Information shown ::
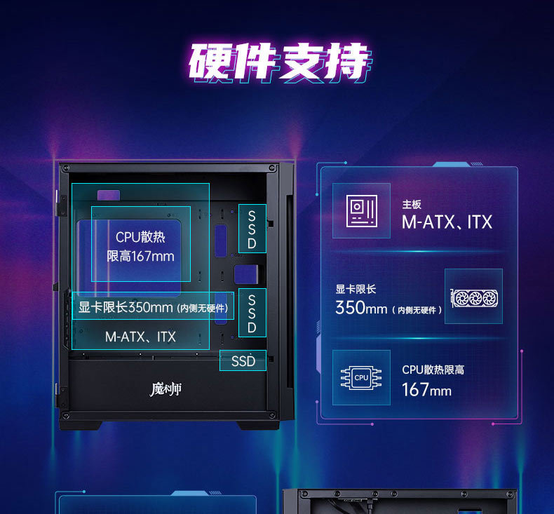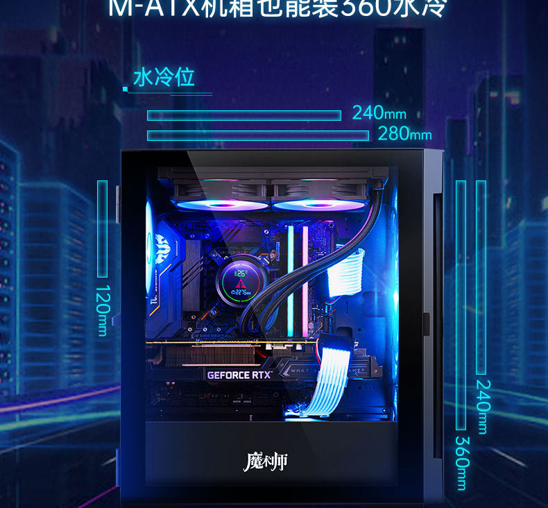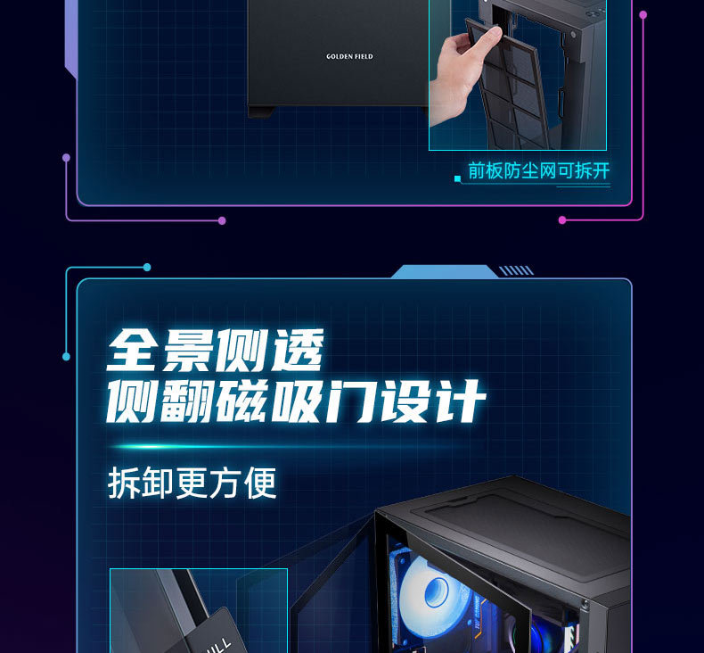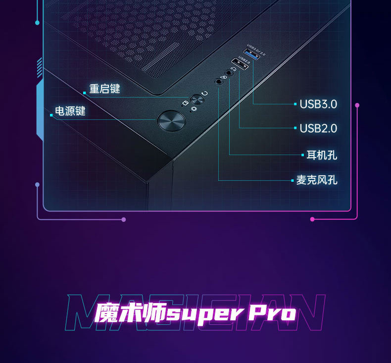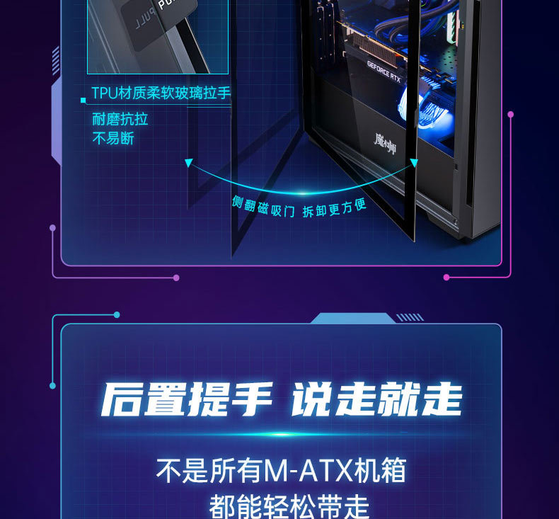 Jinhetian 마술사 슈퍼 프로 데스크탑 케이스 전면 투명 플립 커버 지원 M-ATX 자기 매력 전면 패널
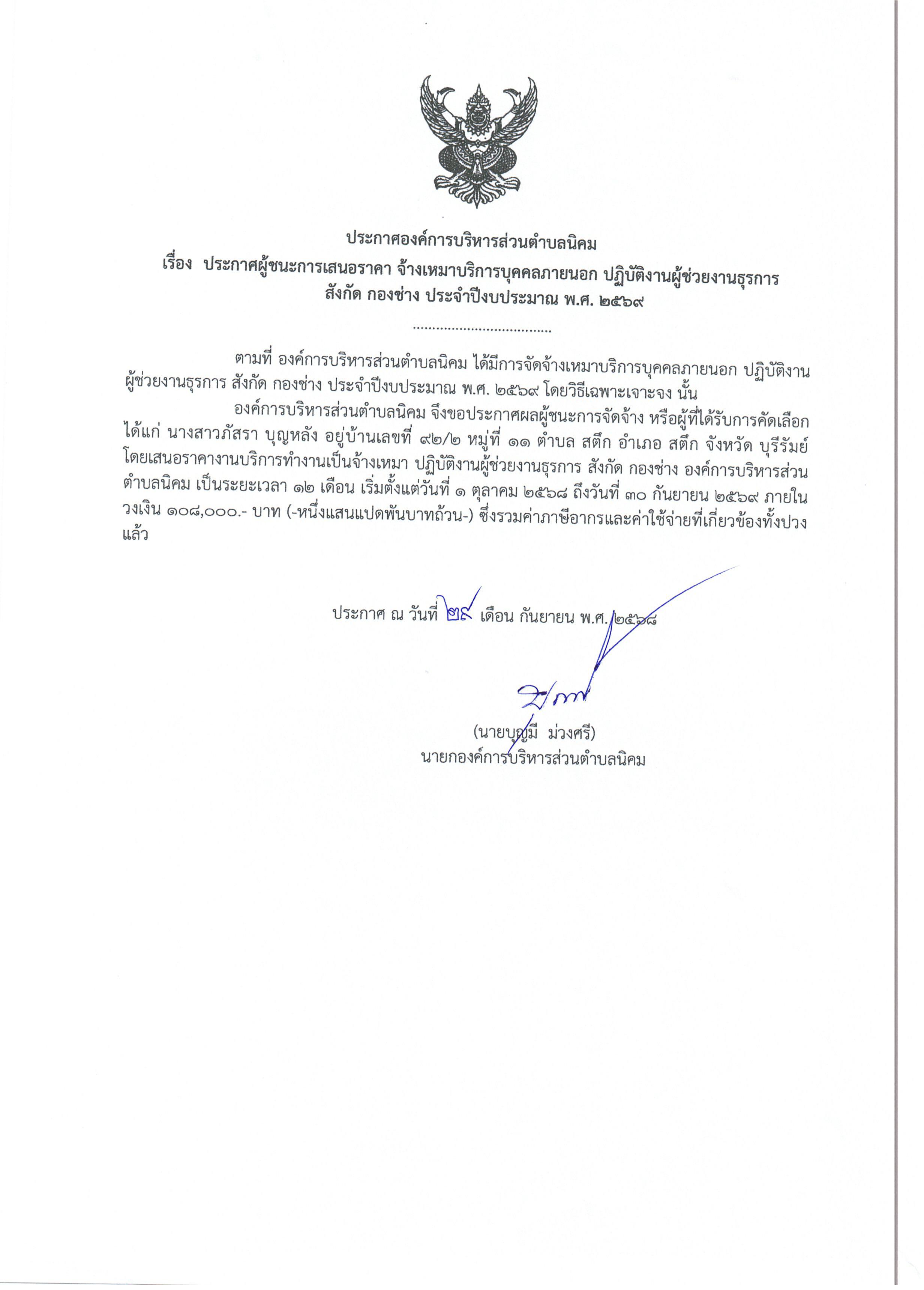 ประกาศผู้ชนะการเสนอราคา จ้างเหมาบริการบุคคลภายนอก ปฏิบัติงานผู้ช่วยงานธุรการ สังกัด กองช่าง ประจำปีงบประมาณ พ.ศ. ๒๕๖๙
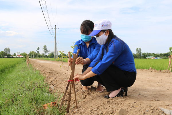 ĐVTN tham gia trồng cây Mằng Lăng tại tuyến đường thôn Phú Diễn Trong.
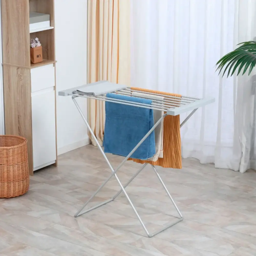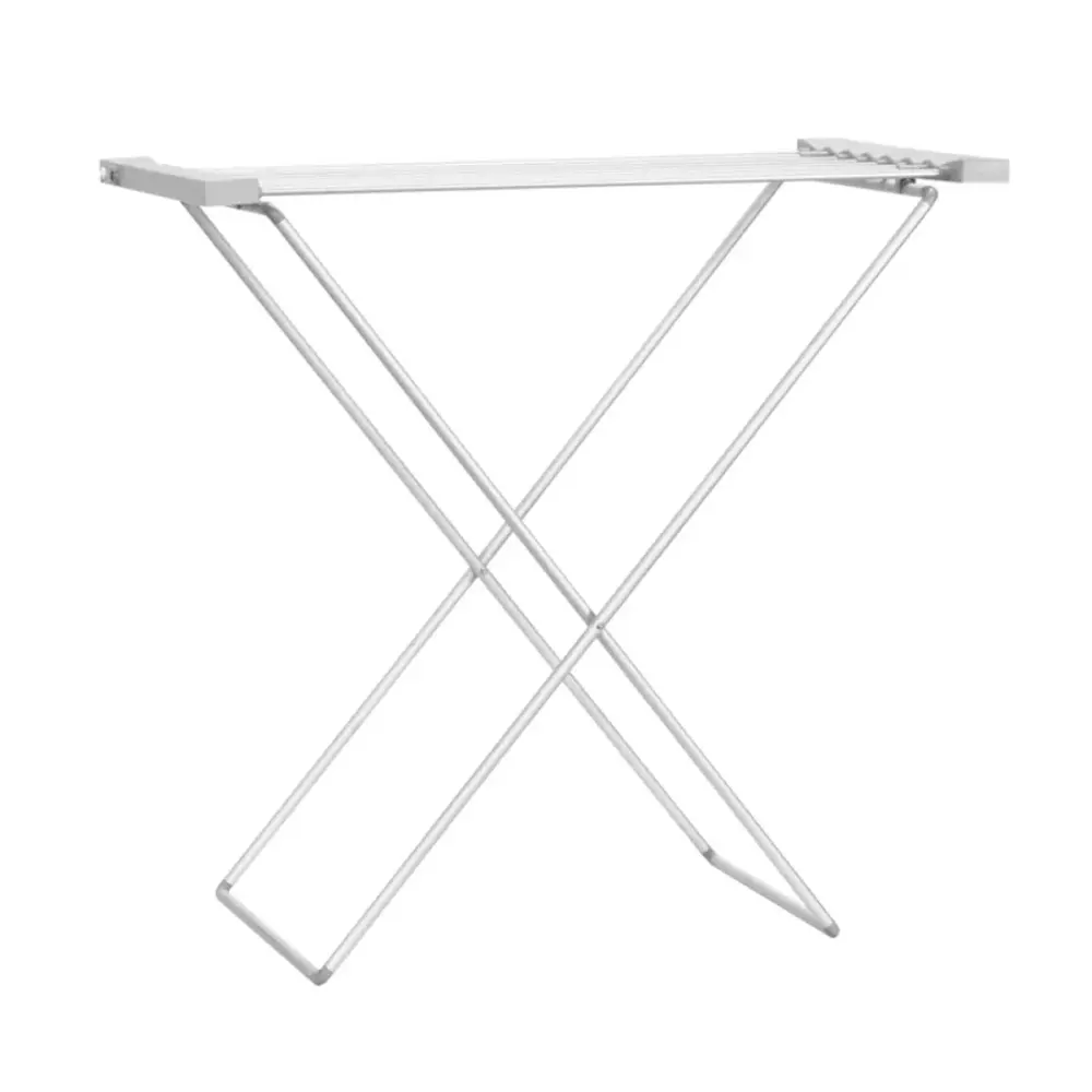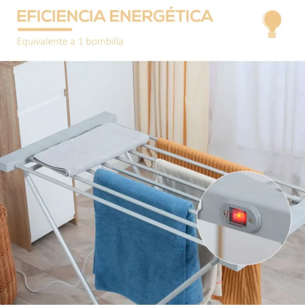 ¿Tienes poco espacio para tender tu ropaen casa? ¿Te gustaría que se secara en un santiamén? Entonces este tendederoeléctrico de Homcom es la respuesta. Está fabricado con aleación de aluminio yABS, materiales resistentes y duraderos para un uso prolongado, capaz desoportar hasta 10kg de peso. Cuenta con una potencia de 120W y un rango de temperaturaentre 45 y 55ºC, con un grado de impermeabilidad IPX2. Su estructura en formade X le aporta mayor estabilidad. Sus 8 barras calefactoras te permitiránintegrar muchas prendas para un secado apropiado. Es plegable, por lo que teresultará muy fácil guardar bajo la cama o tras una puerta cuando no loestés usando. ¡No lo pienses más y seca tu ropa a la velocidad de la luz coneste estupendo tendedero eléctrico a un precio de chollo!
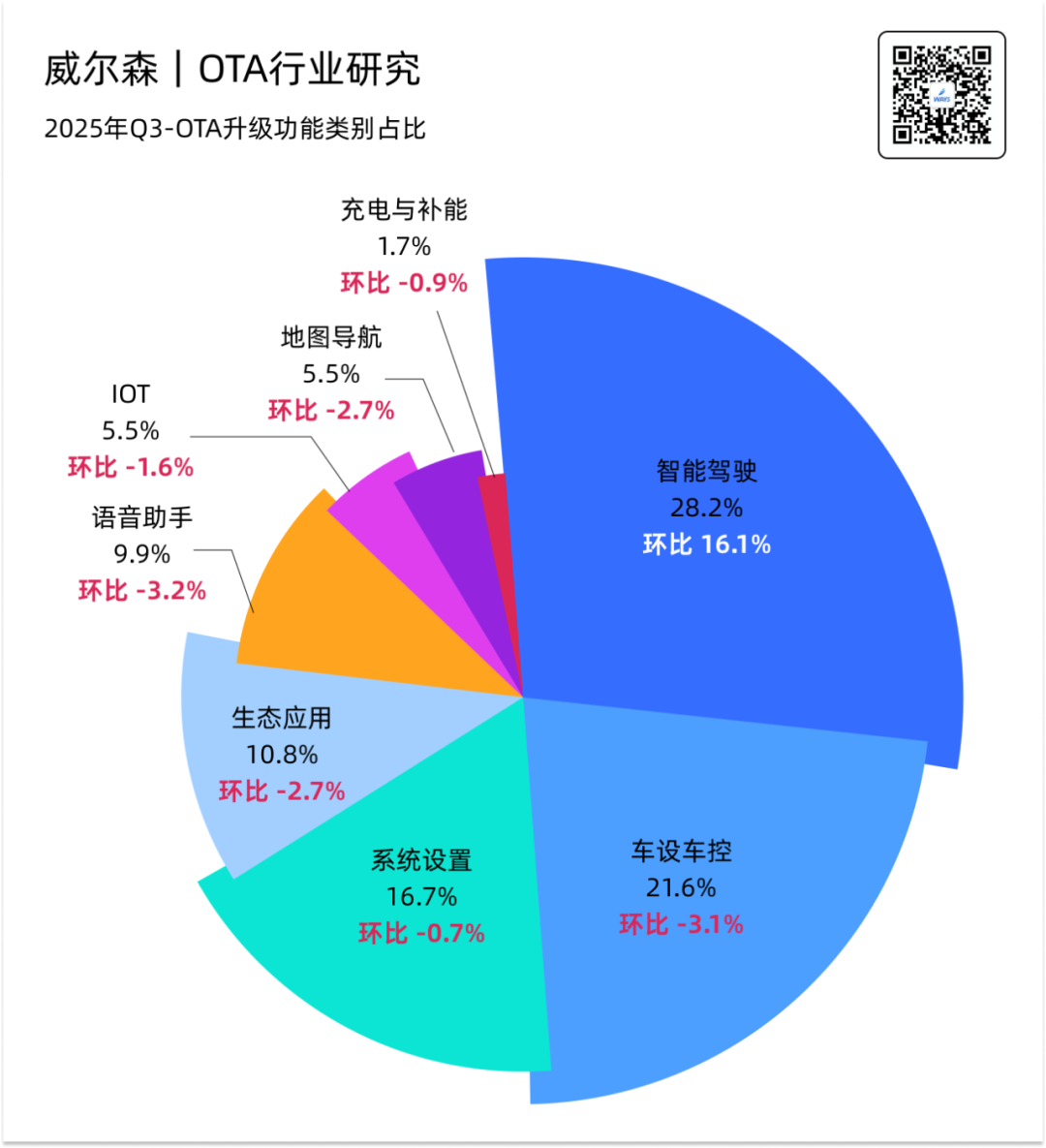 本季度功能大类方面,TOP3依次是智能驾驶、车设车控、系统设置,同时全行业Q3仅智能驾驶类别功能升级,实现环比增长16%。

Task objective ::
Please repeat exactly the data above from its first line to the line that contains "ĐVTN tham gia", inclusive, and leave every picture out.

Answer space ::
 Jinhetian 마술사 슈퍼 프로 데스크탑 케이스 전면 투명 플립 커버 지원 M-ATX 자기 매력 전면 패널
 ประกาศผู้ชนะการเสนอราคา จ้างเหมาบริการบุคคลภายนอก ปฏิบัติงานผู้ช่วยงานธุรการ สังกัด กองช่าง ประจำปีงบประมาณ พ.ศ. ๒๕๖๙
 ĐVTN tham gia trồng cây Mằng Lăng tại tuyến đường thôn Phú Diễn Trong.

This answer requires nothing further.